Through October, agribusiness accounted for 41.8% of the country’s exports. These data were announced on Friday, December 3, by the Brazilian Confederation of Agriculture and Livestock Raising (CNA, Confederação da Agricultura e Pecuária do Brasil).
The value of agricultural imports for the January-October period was only slightly higher (1.3%) this year than last (US$ 4.02 billion versus US$ 3.97 billion).
According to the CNA, soybeans and meat were the driving forces behind this year’s positive results.
Exports in the soybean complex (soybeans, meal, and oil) totaled US$ 9.29 billion, up somewhat more than US$ 2 billion or 29.1% in comparison with the same period last year.

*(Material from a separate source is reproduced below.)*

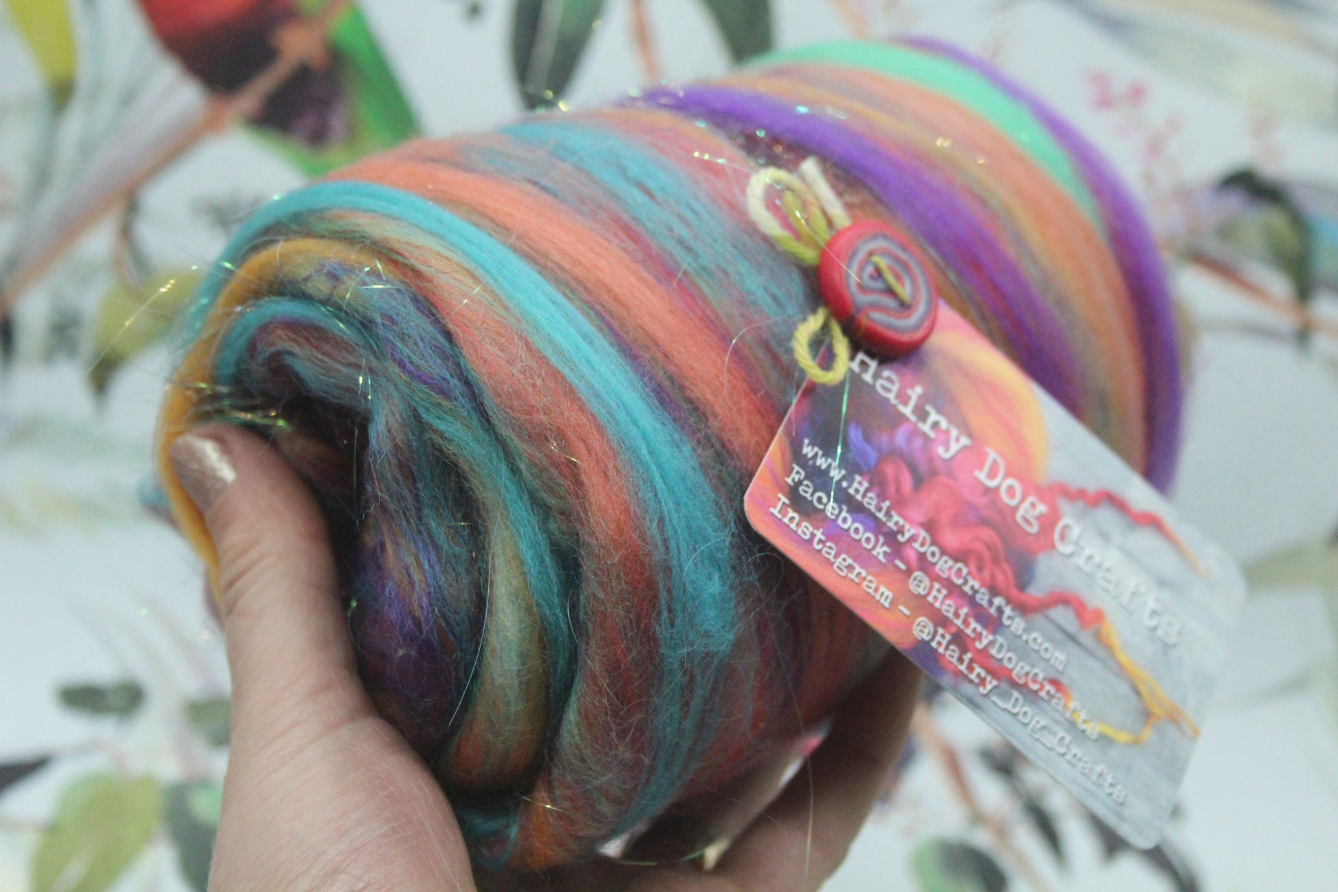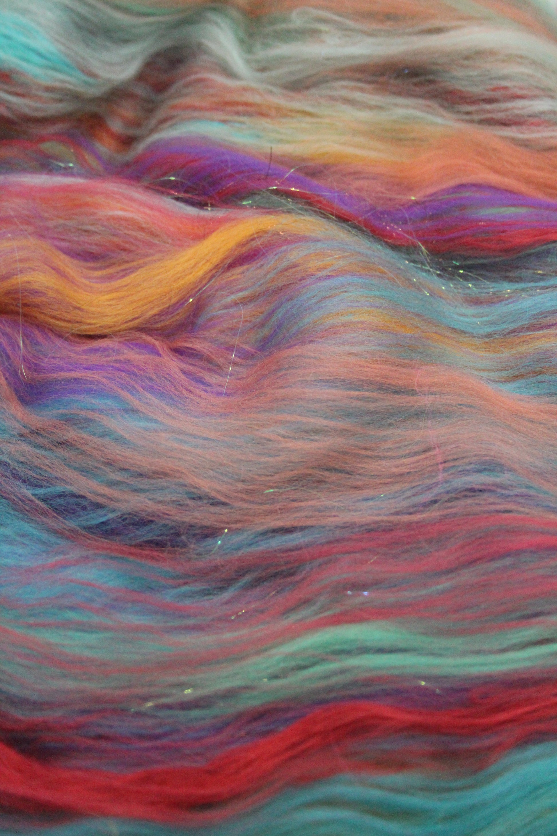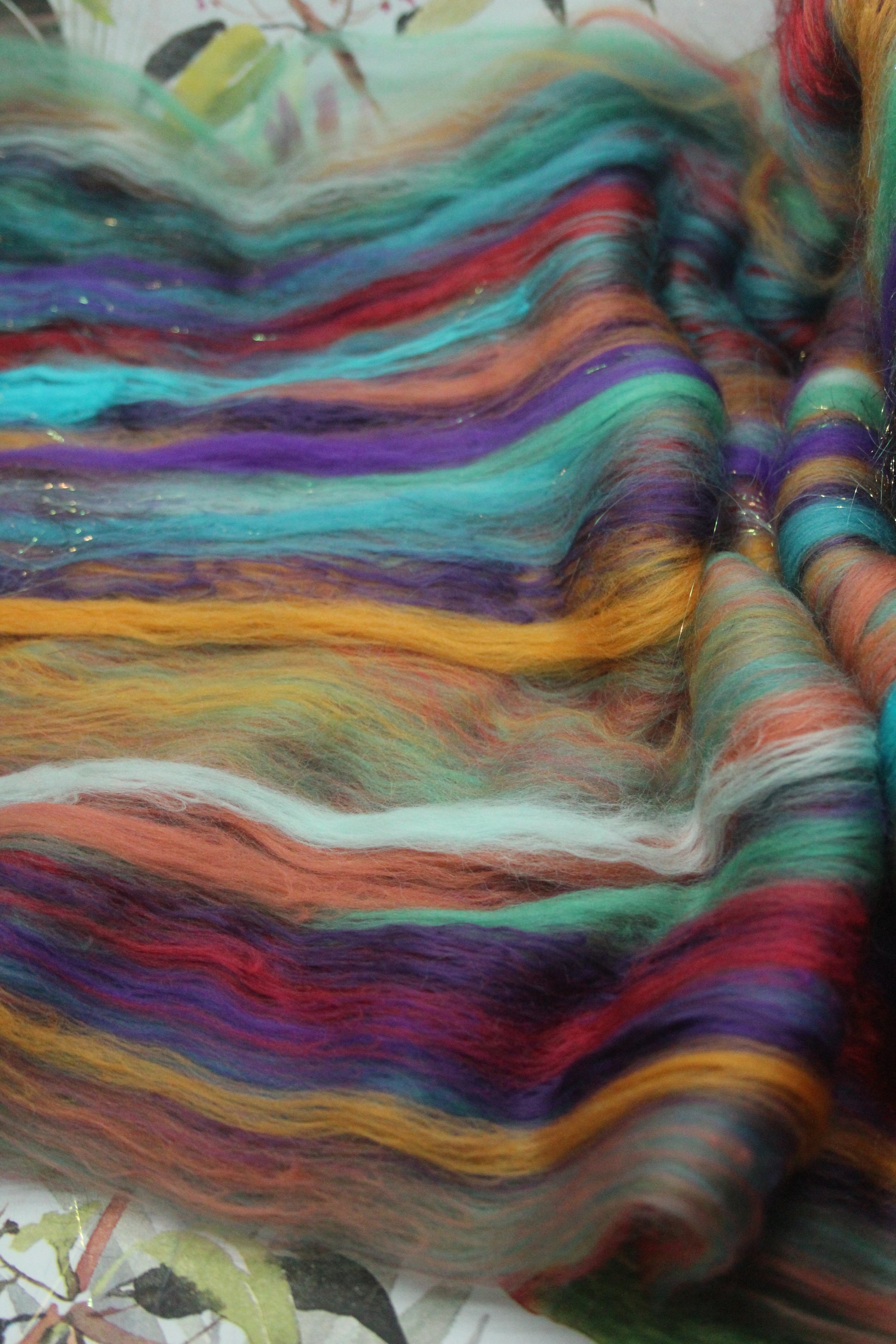 This is a batt that I have created by drum carding wool and speciality fibres. This would be perfect for so many projects - leave it whole and wet felt to create a beautiful background for embellishing, split and hand spin into a beautiful yarn, pull sections off and lay them down for wet felting into something fantastic like a bag, needle felt a fun 3D creature, weave into a wall hanging....

According to the CNA, this result mainly reflects the 27% price rise that occurred during the period.
Nonetheless, in commenting this performance, the head of the CNA’s Foreign Trade Department, Antônio Donizeti Beraldo, observed that this year’s encouraging performance may not recur in 2005, because there is a set of factors working in the opposite direction.
According to Beraldo, the first of these is the “appreciation of the real vis-í -vis the dollar” and the second is “the tendency for an overall decline in the principal commodities traded on world markets, especially soybeans, the driving force behind agribusiness exports.”
The third negative factor is the increase in the prices of inputs.
The head of the CNA’s Economic Department, Getúlio Pernambuco, explained that the ouput of the agribusiness sector grew only 3.2% this year, considered low in comparison with last year.
“Nevertheless, this indicates that the sector is still making a contribution ot the country’s economic development, most of all to exports,” he observed.
Pernambuco said that producers’ worries mainly proceed “from the increase in the production costs of Brazil’s most important crops and the downward price trend on the world market, as a result of the record harvest in North America.”
To counter the tendency for agribusiness earnings to decline, due to falling agricultural prices, Pernambuco thinks that corrective policies to support commercialization should be adopted.
There should be a “budget supplement to support and guarantee prices for the sale of agricultural products, as well as a reversal in the exchange rate,” Pernambuco affirmed.
In his view, this should be accompanied by a devaluation of the real, the Brazilian currency.